Under the draft submitted to the Slovak government, EU Poultry intends to build a new poultry processing plant near the village of Bošany in the Trenčín self-governing region in western Slovakia.
The project’s explanatory note revealed that “the facility will process poultry meat into finished semi-finished products and dispatch them to distribution centres”.
Construction is scheduled to begin in Q2 of 2025 and finished in Q3 of 2026.
Steady growth
The EU Poultry company has already become relatively well-known in Slovakia thanks to its business model, which involves importing poultry from Ukraine and its subsequent processing and packaging in Slovakia, Openiazoch, a Slovak news outlet, reported.
Meat processed in this way is sent to the European Union already with a Slovak label, the publication said, adding, “The fact is that this model works perfectly for Borodavka. EU Poultry has already become one of the largest food companies in the country during its short existence.”
According to official information, the company, which launched in 2017, became the seventh-largest food manufacturer in Slovakia last year.
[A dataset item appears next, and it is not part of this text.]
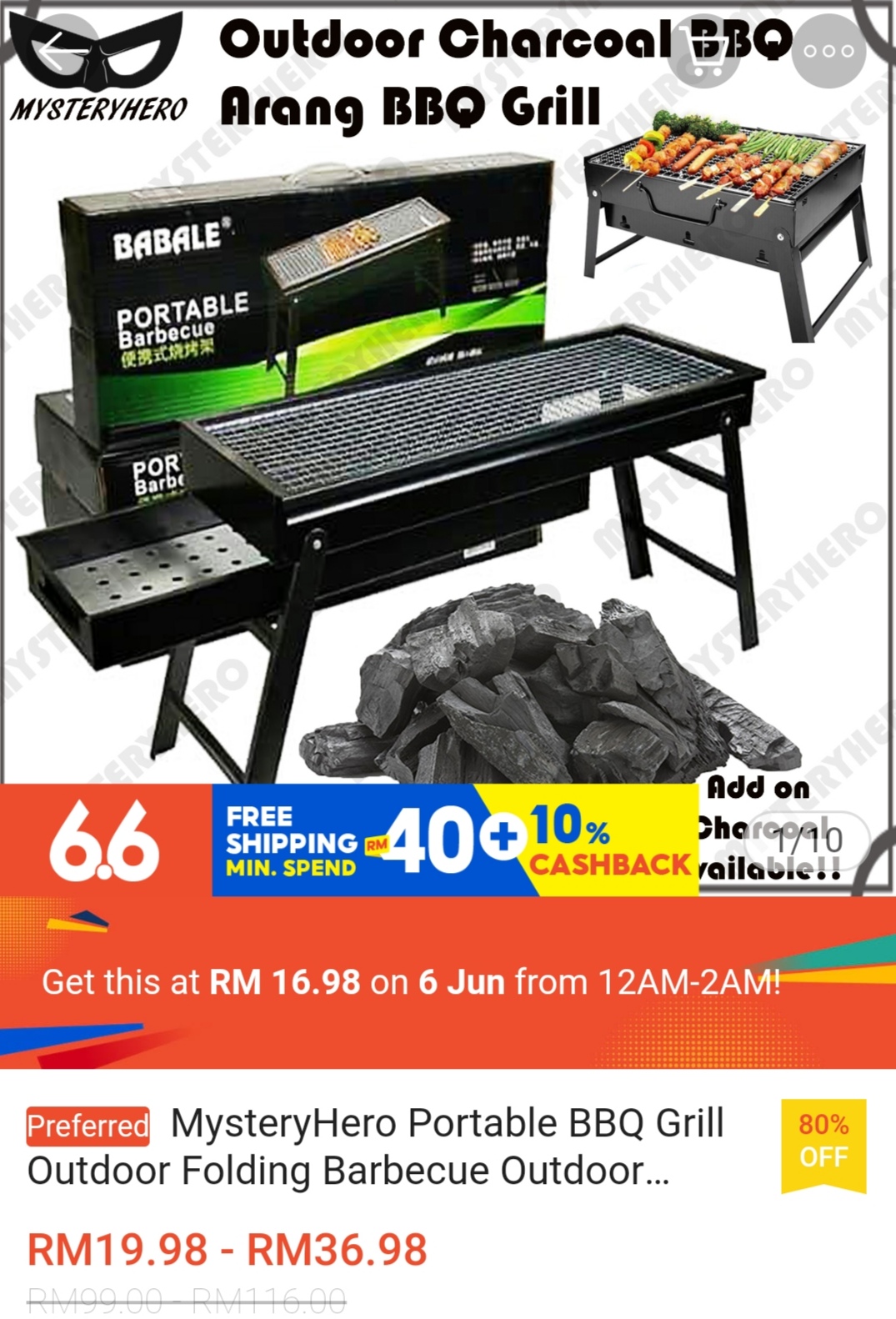 ▪ Portable BBQ Grill Outdoor Folding Barbecue Outdoor – RM18.98 – RM32.57 RM16.98

EU Poultry’s revenue jumped from €16 million in 2017 to €160 million in 2023. In 2022, revenue amounted to €106 million, and in 2021, to €49 million. Last year was particularly successful for EU Poultry with the company having earned a net profit of €13.1 million, which was more than during the previous 6 years combined.
A stark contrast
EU Poultry seems to be doing noticeably well compared to the entire Slovak poultry industry. Earlier this year, Hydina Slovensko, a prominent Slovak poultry processor, found itself on the verge of bankruptcy over a large debt of €23 million, and more farms reportedly are in peril over relatively poor financial performance, the Poultry Union of Slovakia reported.
Common practice
New investments are a part of the common trend as Ukrainian poultry businesses have been gaining a foothold in Europe in recent decades, investing in the Netherlands, Slovakia, and the Balkans. For example, the Ukrainian company’s largest poultry processor, MHP, recently announced plans to build 3 chicken farms in Croatia by 2027, producing 6 million birds annually.